Thursday, September 30, 2004

Changing name of Popup menu item based on a variable

The name of the menu item in the popup menu depends on the NAME attribute of AbstractAction of that menu item.

When you add some subclass of AbstractAction to the JPopupMenu, you can specify any name to be displayed in the menu by calling super.putValue(NAME, "yourname");

Shown below is an implementation of AbstractAction that does it in the constructor.

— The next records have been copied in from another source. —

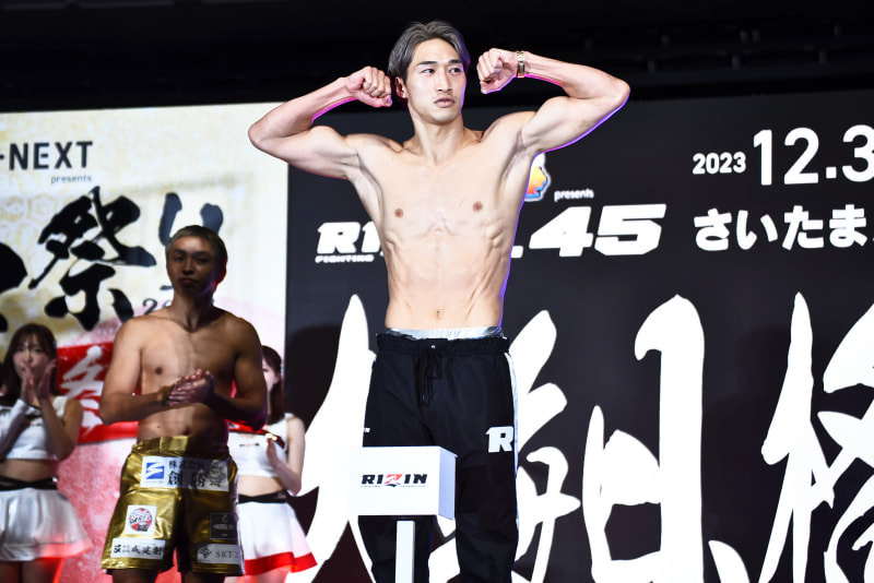 (昨年大みそか)久保戦の計量で見せたマッスルポーズ!
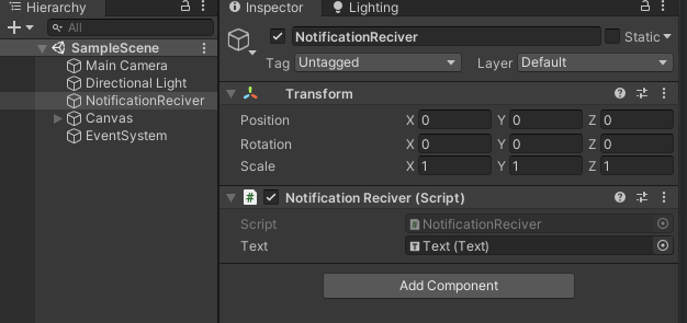 NotificationReciver의 Text에 참조를 걸어줍니다.
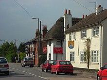 The landscape of the present parish is relatively flat, with expanses of level ground flanking the main road.[19] It is dominated by the built-up area of the village. This is residential north of the bypass, and commercial south of it. North of the village is a golf course, and to the west a few large fields owned by the Englefield Estate.
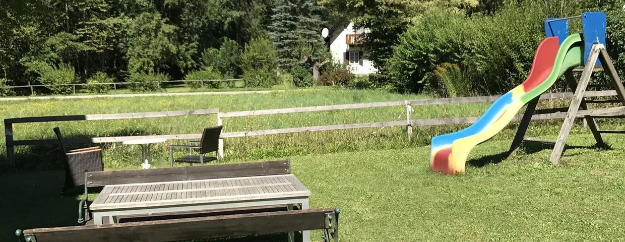 Auf der großen Spielwiese befinden sich Schaukel, Rutsche und Karussell, wo sich Ihre kleinen Familienmitglieder austoben können.
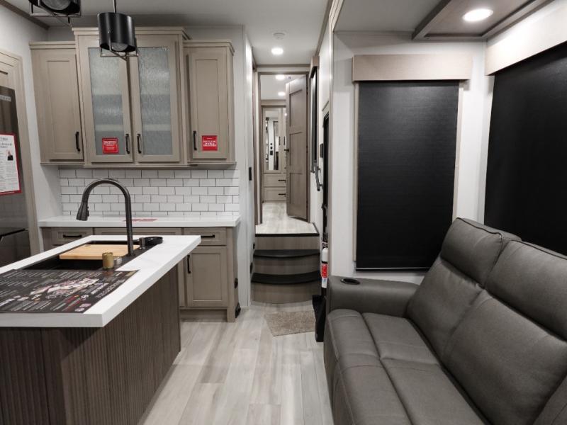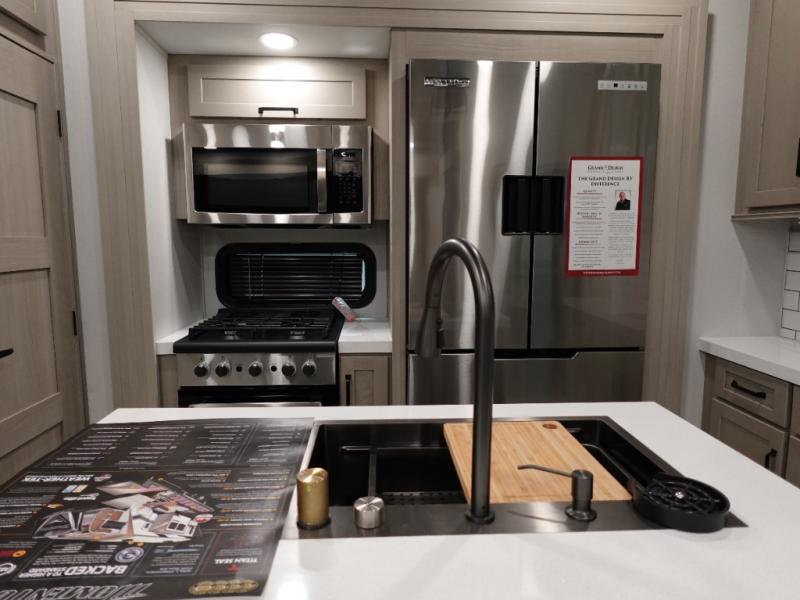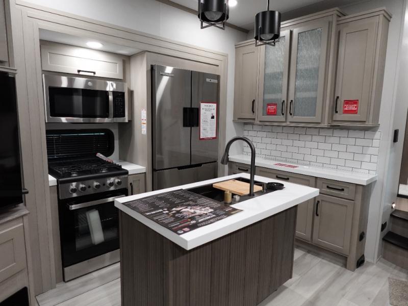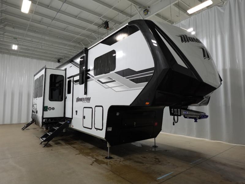 With any Momentum M-Class toy hauler by Grand Design, you will enjoy luxury at every turn! They have been constructed to a superior standard with a thermal roof design, triple insulated main floor and garage floor, and a Rail-Tite underbelly seal that will allow you to camp in all elements. Each model also features an 8' 5" wide body chassis with a wide rail design, no wheel wheels, and a dovetail entry for easier loading. The Stealth A/C system provides maximum cooling power, and the CRE3000 suspension system means you can enjoy a smooth tow each time. You will love the luxurious interior with a professional grade stainless steel cooktop, interior color changing LED accent lighting, a fiberglass shower with a glass door, and solid surface countertops.
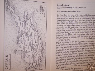 | CYPRUS: FROM EARLIEST TIME TO THE PRESENT DAY. ONE VOLUME IN THE "ANCIENT CITIES AND TEMPLES" SERIES. BY FRANZ GEORG MAIER. TRANSLATED FROM THE GERMAN BY PETER GORGE. London: Elek Books Limited, 1968.A nice copy of this interesting history of the island of Cyprus. Published nearly 40 years ago, this book is now out of print an scarce. From the dust jacket: "This is the first concise and comprehensive history of Cyprus to appear in English. Covering all the essential details, the book gives the reader a useful picture of the many stages of Cyprus' development. Staring with its prehistorical and early cultures, the author who has lived and worked in Cyprus himself, shows how Cyprus has been at the crossroads between East and West throughout history - open to outside influences, but nevertheless retaining a strong personal character of it own. "The book covers each stage in Cypriot history in a separate chapter; early history; as an object of contention between Persians and Greeks; under the Roman empire; as a part of the Byzantine empire; the independent kingdom of the Lusignans, the most romantic and exciting period in the island's history; Venetian rule; Turkish rule; British rule and independence. At the end of the book there are notes on each chapter and a bibliography for further reading so that it serves a dual purpose - as a useful and interesting introduction to Cyprus for the layman, and as a basic text for the student. The author combines a fundamental sympathy for the island's character and problems with a scrupulously fair approach to the many outside interests which have been involved in its varied history. "The Contents of this book are: Preface; Introduction: Cyprus in the history of the Near East; In the Twilight of History: Cyprus and the empires of the ancient world; Hellas and the East: Between the Persian empire and the Polis world; Pax Romana: Cyprus as a Roman province; Byzantium and Islam: Bulwark of Christendom; The Lusignan Kingdom: The autumn of the Crusades in Cyprus; Venetian Interlude: Europe and the Turks; The Long Sleep: Cyprus in the Ottoman empire; Entry into the World of Today: British rule and the Cypriot question; and Epilogue: The Republican Experiment. The Illustrations are: The Royal Palace at Vouni; Statue of Aphrodite of Soli; Silver coin of the Roman Emperor Vespasian; Church of St. Barnabas and St. Hilarion; St. Nicholas Cathedral; Fourteenth century fresco of the Nativity; and Bellapaise Abbey. The Maps are of: Cyprus; Cyprus in the Eastern Mediterranean Area; The Persian Empire at the Time of the Archamenids and the Greek World during the Persian Wars; Byzantium and Islam; The Mediterranean and Near East in the twelfth and thirteenth centuries; and The Growth of the Ottoman Empire." Octavo - sized hardcover book with Dust Jacket; 176 pages of text with maps and photographs. A Very Good+ condition Hardcover book: no writing in text; no torn pages; owner's name "S. Rauwsley 1973" on ffep. Orange cloth binding with gilt lettering; with light wear to edges; corners bumped. Dust Jacket in Very Good condition with wear and edge tears. Not price-clipped (price 30 shillings, with price sticker for 2 pounds. A solid and attractive copy of this interesting book. Price: CyP 20.00 | |

public class AddAction extends AbstractAction {

public AddAction(int type)
{
super("Add");

this.type = type;

if(type == 0)
super.putValue(NAME,"Type 0");
else
super.putValue(NAME,"Type 1");
}
}


and add it to the popup menu as follows


JPopupMenu popup = new JPopupMenu();

popup.add(new AddAction(0));
popup.add(new AddAction(1));

here I have added 2 menu items using the same Action but with different names. YOu can ofcourse take different actions based on which menu item is clicked by checking the type in AddAction.


Tuesday, September 28, 2004

Make a Swing component not take up all the space

Most common frustration when designing with Layouts is that your nice pretty layout gets all screwed up because the container panel blows up to take up all the space. Even if you try a setPreferred or setMaximumSize , it seems to have no effect.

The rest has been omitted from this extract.